Exercise brief >>
Further down are entries; set down exactly and only the lines from the one with "por ordenador en" up to and including the one with "الكتاب الرسمي التعليمات", dropping each picture.

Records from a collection
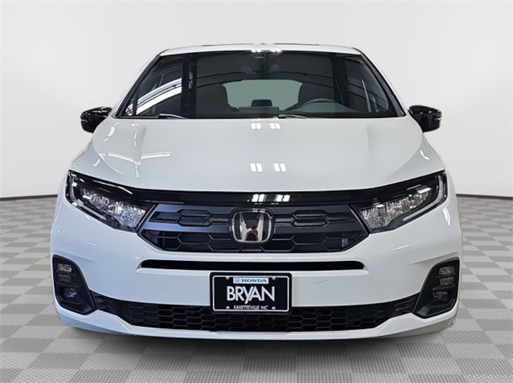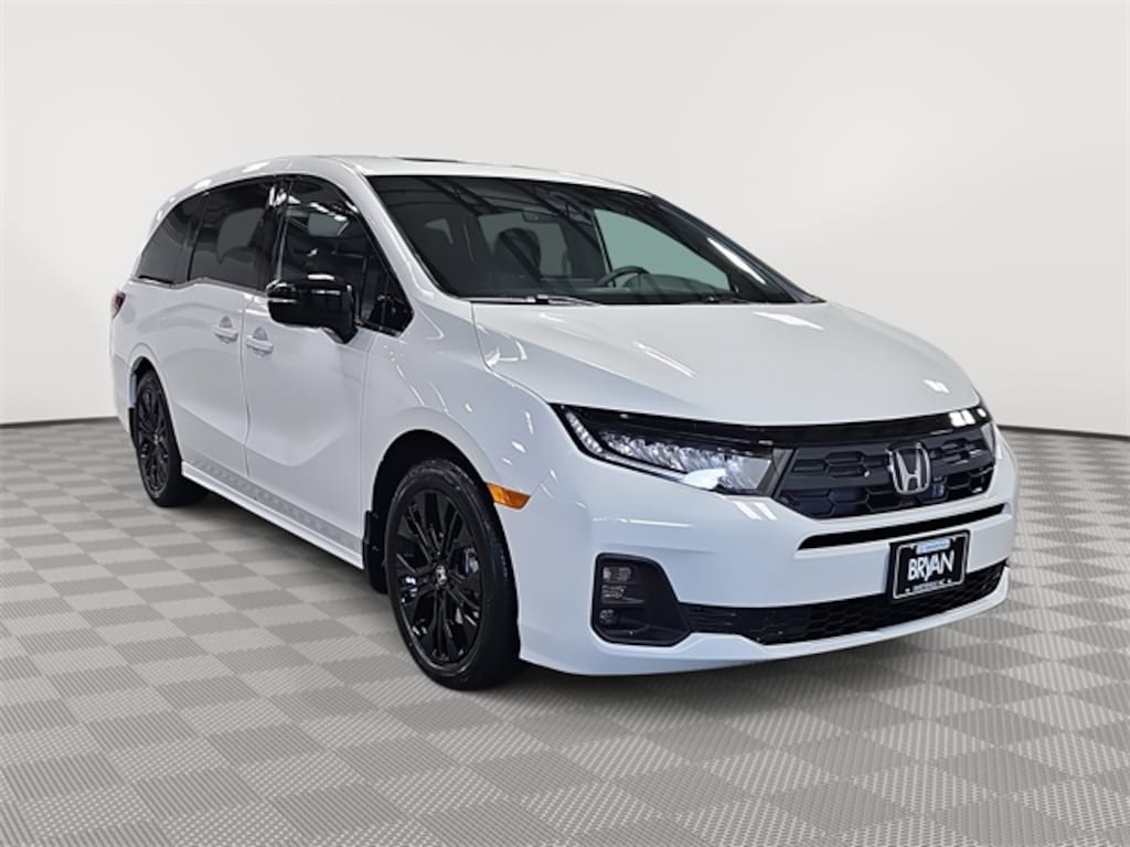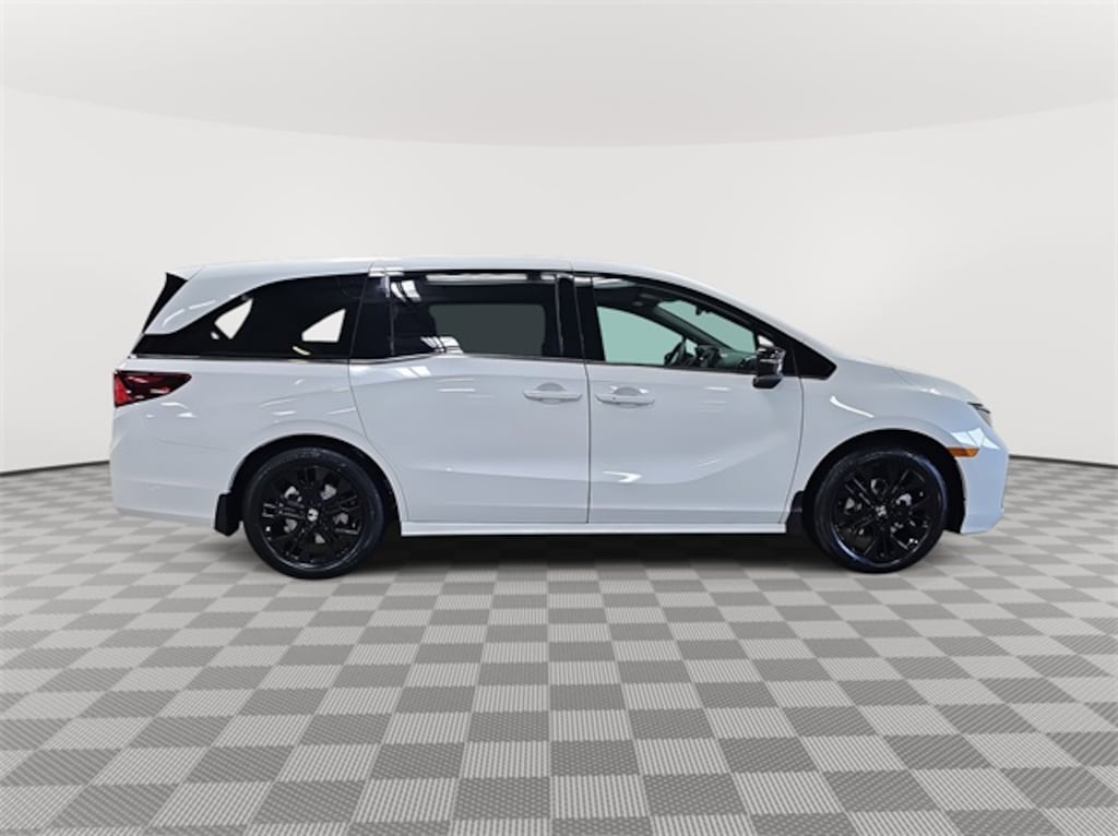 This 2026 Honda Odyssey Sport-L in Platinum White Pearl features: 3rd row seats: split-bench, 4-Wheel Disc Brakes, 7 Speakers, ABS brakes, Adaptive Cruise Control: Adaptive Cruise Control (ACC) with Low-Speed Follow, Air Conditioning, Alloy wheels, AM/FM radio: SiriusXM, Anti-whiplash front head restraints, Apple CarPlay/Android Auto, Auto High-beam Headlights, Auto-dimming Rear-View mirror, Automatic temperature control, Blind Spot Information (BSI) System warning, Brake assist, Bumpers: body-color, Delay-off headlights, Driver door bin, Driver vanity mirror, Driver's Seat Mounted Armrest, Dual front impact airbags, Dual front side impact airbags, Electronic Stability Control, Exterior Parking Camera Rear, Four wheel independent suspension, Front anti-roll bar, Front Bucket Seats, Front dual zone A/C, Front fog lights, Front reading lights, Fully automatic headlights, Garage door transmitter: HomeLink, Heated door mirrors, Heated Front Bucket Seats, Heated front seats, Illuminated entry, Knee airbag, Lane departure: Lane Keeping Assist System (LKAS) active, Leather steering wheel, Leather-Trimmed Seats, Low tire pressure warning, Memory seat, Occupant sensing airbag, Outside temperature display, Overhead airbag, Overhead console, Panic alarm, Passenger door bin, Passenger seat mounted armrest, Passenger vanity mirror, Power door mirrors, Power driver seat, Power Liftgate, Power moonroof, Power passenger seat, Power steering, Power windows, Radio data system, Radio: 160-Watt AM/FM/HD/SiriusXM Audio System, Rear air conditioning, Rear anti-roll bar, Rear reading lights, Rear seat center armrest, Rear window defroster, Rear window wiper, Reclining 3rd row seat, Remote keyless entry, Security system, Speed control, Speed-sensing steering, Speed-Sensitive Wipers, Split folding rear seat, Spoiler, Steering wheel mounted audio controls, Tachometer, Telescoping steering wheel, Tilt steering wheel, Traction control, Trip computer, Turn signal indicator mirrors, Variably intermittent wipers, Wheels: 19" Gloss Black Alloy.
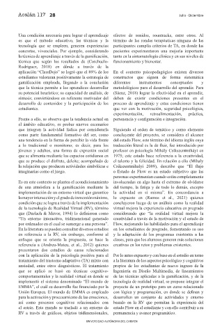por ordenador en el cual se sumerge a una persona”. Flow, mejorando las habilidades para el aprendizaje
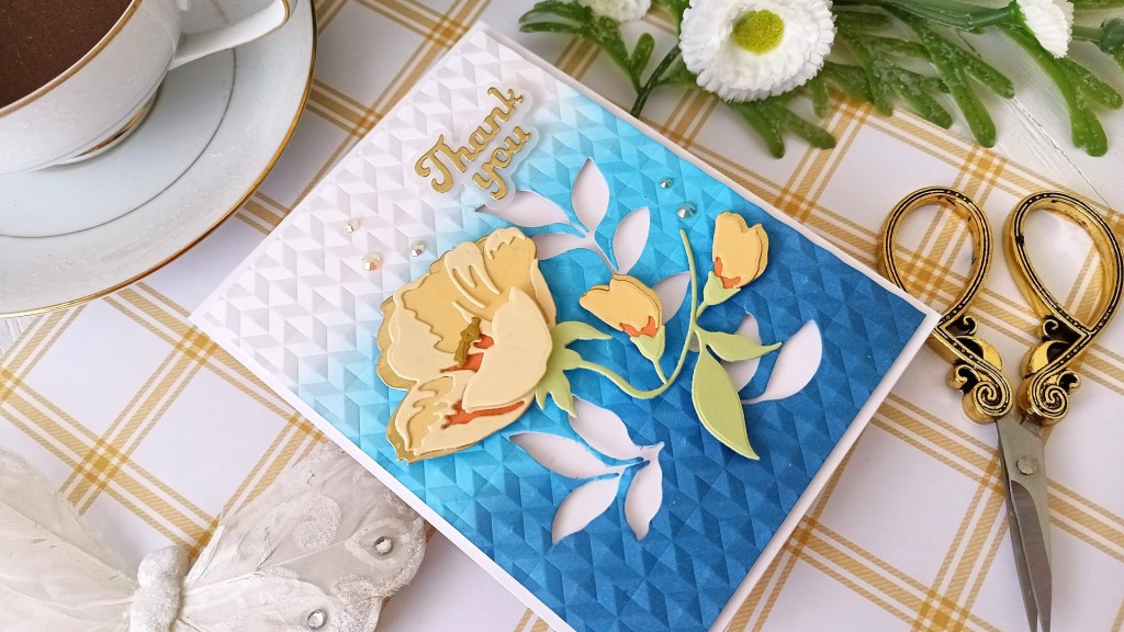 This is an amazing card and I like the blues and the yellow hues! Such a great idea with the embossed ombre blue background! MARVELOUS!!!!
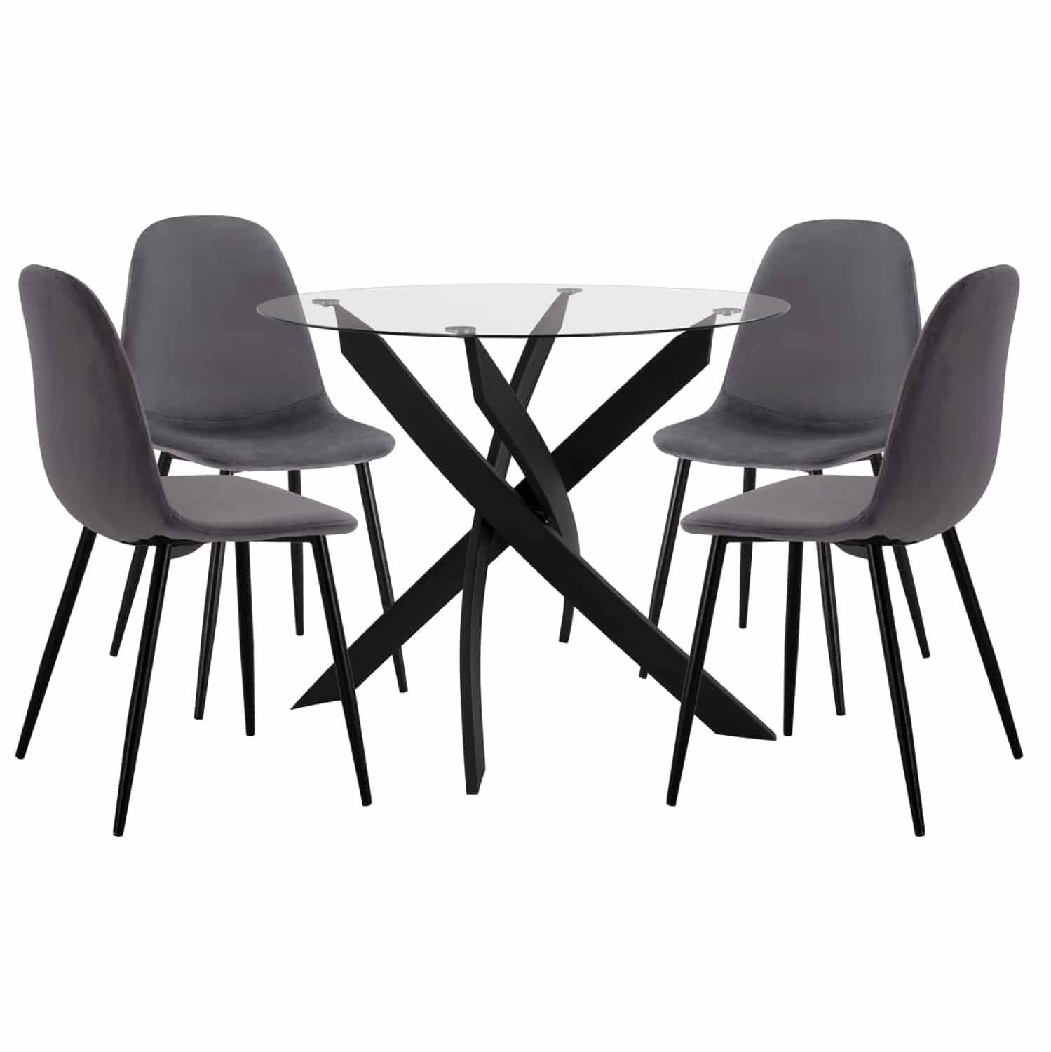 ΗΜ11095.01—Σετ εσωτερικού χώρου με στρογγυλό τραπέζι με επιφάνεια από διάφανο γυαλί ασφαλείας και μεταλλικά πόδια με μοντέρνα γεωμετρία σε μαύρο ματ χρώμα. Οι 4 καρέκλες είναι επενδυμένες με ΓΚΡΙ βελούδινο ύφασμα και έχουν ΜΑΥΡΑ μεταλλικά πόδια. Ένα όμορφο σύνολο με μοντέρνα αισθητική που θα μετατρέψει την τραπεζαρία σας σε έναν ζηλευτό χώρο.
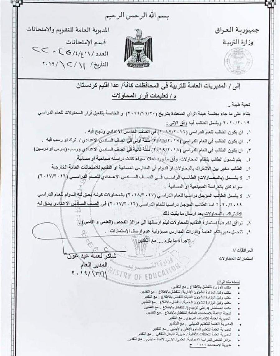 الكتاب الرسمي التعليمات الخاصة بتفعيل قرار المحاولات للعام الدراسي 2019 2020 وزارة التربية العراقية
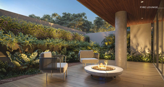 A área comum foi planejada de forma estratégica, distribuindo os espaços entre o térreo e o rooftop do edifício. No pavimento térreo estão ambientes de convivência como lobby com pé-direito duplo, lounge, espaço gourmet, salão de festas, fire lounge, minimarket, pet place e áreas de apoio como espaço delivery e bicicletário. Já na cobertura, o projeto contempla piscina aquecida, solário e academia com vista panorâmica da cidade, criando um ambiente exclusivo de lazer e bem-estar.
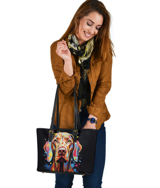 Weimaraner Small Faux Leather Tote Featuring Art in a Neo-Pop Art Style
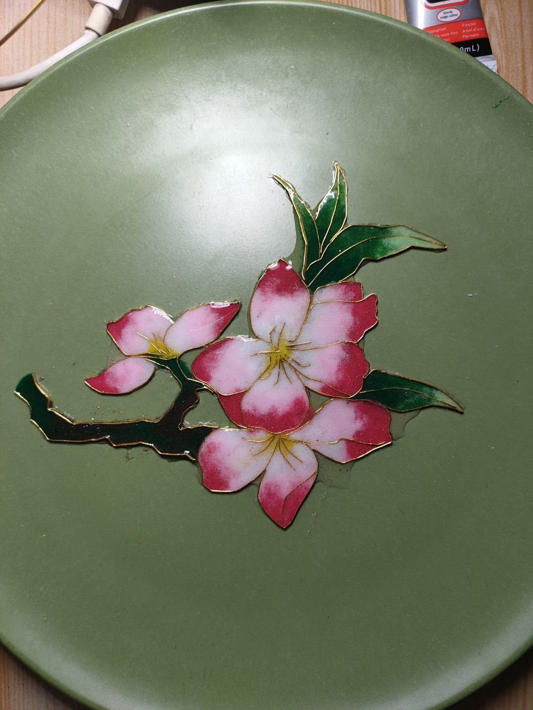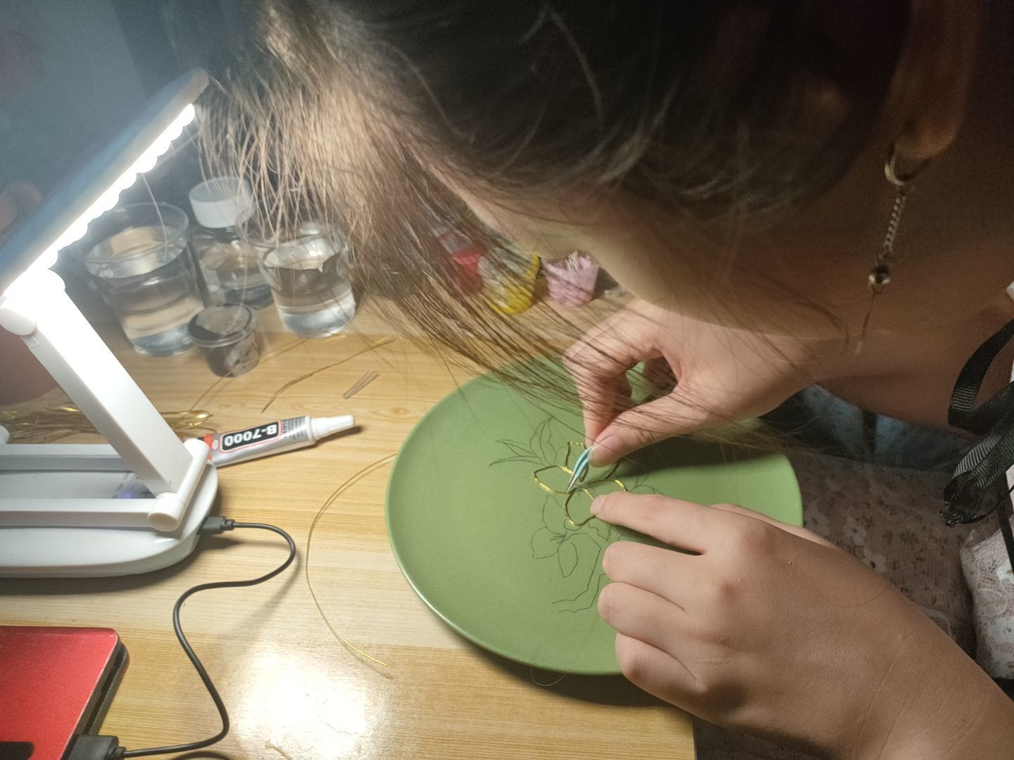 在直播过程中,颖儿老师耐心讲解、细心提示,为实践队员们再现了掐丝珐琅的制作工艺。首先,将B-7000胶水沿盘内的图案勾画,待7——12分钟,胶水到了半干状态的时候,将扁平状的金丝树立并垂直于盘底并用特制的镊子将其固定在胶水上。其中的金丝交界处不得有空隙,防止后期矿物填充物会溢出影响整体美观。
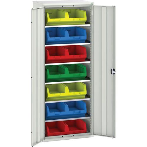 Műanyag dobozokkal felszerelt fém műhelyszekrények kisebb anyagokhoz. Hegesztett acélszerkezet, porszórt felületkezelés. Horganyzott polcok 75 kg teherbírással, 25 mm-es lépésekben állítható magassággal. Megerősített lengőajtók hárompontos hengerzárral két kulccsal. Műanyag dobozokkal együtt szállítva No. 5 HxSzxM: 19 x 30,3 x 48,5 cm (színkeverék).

Solution to this task >>
por ordenador en el cual se sumerge a una persona”. Flow, mejorando las habilidades para el aprendizaje
 This is an amazing card and I like the blues and the yellow hues! Such a great idea with the embossed ombre blue background! MARVELOUS!!!!
 ΗΜ11095.01—Σετ εσωτερικού χώρου με στρογγυλό τραπέζι με επιφάνεια από διάφανο γυαλί ασφαλείας και μεταλλικά πόδια με μοντέρνα γεωμετρία σε μαύρο ματ χρώμα. Οι 4 καρέκλες είναι επενδυμένες με ΓΚΡΙ βελούδινο ύφασμα και έχουν ΜΑΥΡΑ μεταλλικά πόδια. Ένα όμορφο σύνολο με μοντέρνα αισθητική που θα μετατρέψει την τραπεζαρία σας σε έναν ζηλευτό χώρο.
 الكتاب الرسمي التعليمات الخاصة بتفعيل قرار المحاولات للعام الدراسي 2019 2020 وزارة التربية العراقية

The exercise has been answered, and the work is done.